Sorry it’s been a month since my last post, but I’ve been spending every available moment outside celebrating the fact that this is the first spring in two years I haven’t been in a cast! Now that the sun has come out, poor Gene’s to-do list has exploded with new projects so he’s been spending all his days off outside with me. He built a series of raised beds that we lined the driveway with, and I’ve already planted raspberries, cauliflower, corn, broccoli, romanescu (the gourmet broccoli they always use on Top Chef, so naturally I had to have it), onions, shallots, garlic, and of course my 15-pound radishes. I’m actually kind of disappointed in those so far – I was hoping the radishes would have burst through their containers by now.
My greenhouse is completely filled to capacity, and I already have cucumbers and squashes starting to form! Since it’s starting to literally resemble a jungle in there, I decided to bring in some wildlife in the form of ladybugs and preying mantises. I was particularly excited about the mantises, because the package contained two intriguing egg-sac/cocoon things. I decided to name my two about-to-hatch new pets Christopher and Francis, since those were the first two Saint names I could come up with. And then I took a closer look at the package, which said each egg sac contained about 200 mantises. Gene said he is looking forward to the day when I run out of the greenhouse, screaming and covered in waving green insects.
While my greenhouse jungle is by no means lacking in insects, it is sadly bereft of papayas. The nursery still hasn’t replaced my poor, sad, shriveled, DOA papaya plant, much to my great annoyance. Clearly the good folks at Burgess Nursery don’t realize that my blog has a worldwide following, and if I dog them online that one guy in Russia who showed up in my “pageviews” tracker will never order from them.

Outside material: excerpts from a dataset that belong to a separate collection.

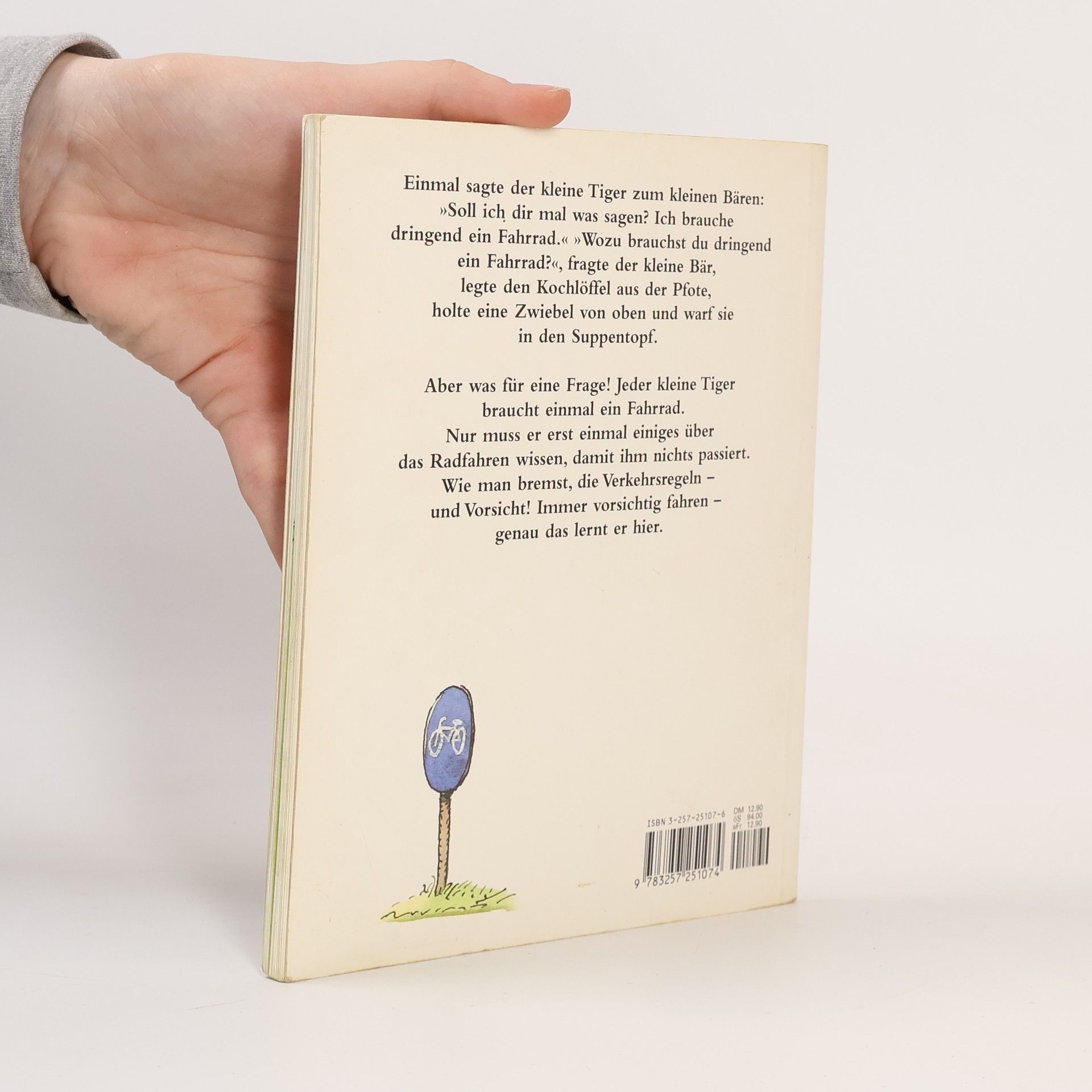 Jeder kleine Tiger braucht einmal ein Fahrrad. Er muss nämlich Land und Leute erforschen und seine Braut besuchen. Nur muss der kleine Tiger erst einmal einiges über das Radfahren wissen, damit ihm nichts passiert. Wie man bremst, was die Verkehrsregeln bedeuten und ganz wichtig: immer vorsichtig fahren. Genau das lernt man hier. Theoretisch und praktisch fast auch.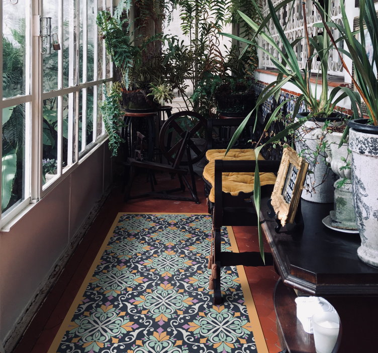모자이크 효과 비닐 카펫은 모자이크에서 영감을 받은 패턴으로 디자인되었습니다. 이 디자인은 그래픽적으로 아름다운 타일과 꽃 모티브를 표현하고 있어 장식용으로 사용하기에 이상적입니다. 또한 화려한 디자인은 공간을 생생하게 만들어줍니다.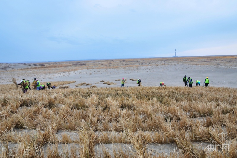 金塔縣防沙治沙現(xiàn)場(chǎng)(央廣網(wǎng)記者 李紅軍 攝)

In critter news, I have 16 newly hatched chicks! Seven of them are being co-parented by experienced broody mamas, and they are currently residing in the back half of the goat shed. They are the pair that took up residence in the far corner of the goat’s bedroom, and by sheer luck their clutch of eggs didn’t get smooshed by Ursula’s ever-expanding girth. I didn’t want to take the chance with chicks, though, and once they started hatching they were relocated. Condi’s chicks also hatched today; she built her nest in a plastic tub in the foyer of the goat shed. I didn’t want to relocate her to the main coop, because another broody mama has taken up residence in the nesting boxes. Sadly, she can’t seem to remember which clutch of eggs is hers, so I came out this morning to three newly hatched chicks crying piteously for their mama while she was obliviously parked on two eggs one nesting box over. I pulled out my Chicken Protective Services badge and promptly removed the chicks from her custody. I gave them to Condi, who happily incorporated them into her brood. I decided that she needed a protective wall to shield her from the comings and goings of all the hens, since the goat shed is a coveted hang-out spot, especially when it’s windy out. It took me six hours, and lots of measuring, re-measuring, and swearing, but I finally built the most beautiful of frames to which I then stapled plastic mesh. When I surprised Gene with it, he agreed that it was a nice wall indeed, but added that it would have taken him five minutes and less screws to create. At any rate, all of the brand new mamas are happy. The co-parents took their chicks out into their first chaperoned visit to the big wide world, and I was lucky enough to photograph one of the chicks catching her very first worm. The worm was longer than the chick, but somehow she made room.
The garage brooding box chicks are almost ready to go out into the big coop, finally. I discovered just yesterday that my Polish Crested chick is a rooster, so apparently they only come in male. Sadly Sean Paul, the watch-your-back-cuz-he’ll-impale-your-legs Polish Crested rooster, passed last week. He’s now attacking the angels when they aren’t looking at the Big Farm in the Sky. My new rooster seems to be following his legacy, because he attacks my hand whenever I reach into change their water or refill the feeders. On the plus side, my blue Polish Crested chick hasn’t crowed at me yet, so I still have hope for an agreeable hen.
Little Leonidas, Daisy’s kid, is getting bigger at an exorbitant rate. He’s all legs and ears with a little bitty head. To date, his favorite game is trying to stand on Ursula while she does her best to shake him off. In his defense, she is definitely wide enough to park your drink on. He also loves his Uncle Shy, and watching the two of them take a nap in the sunshine is the cutest thing ever.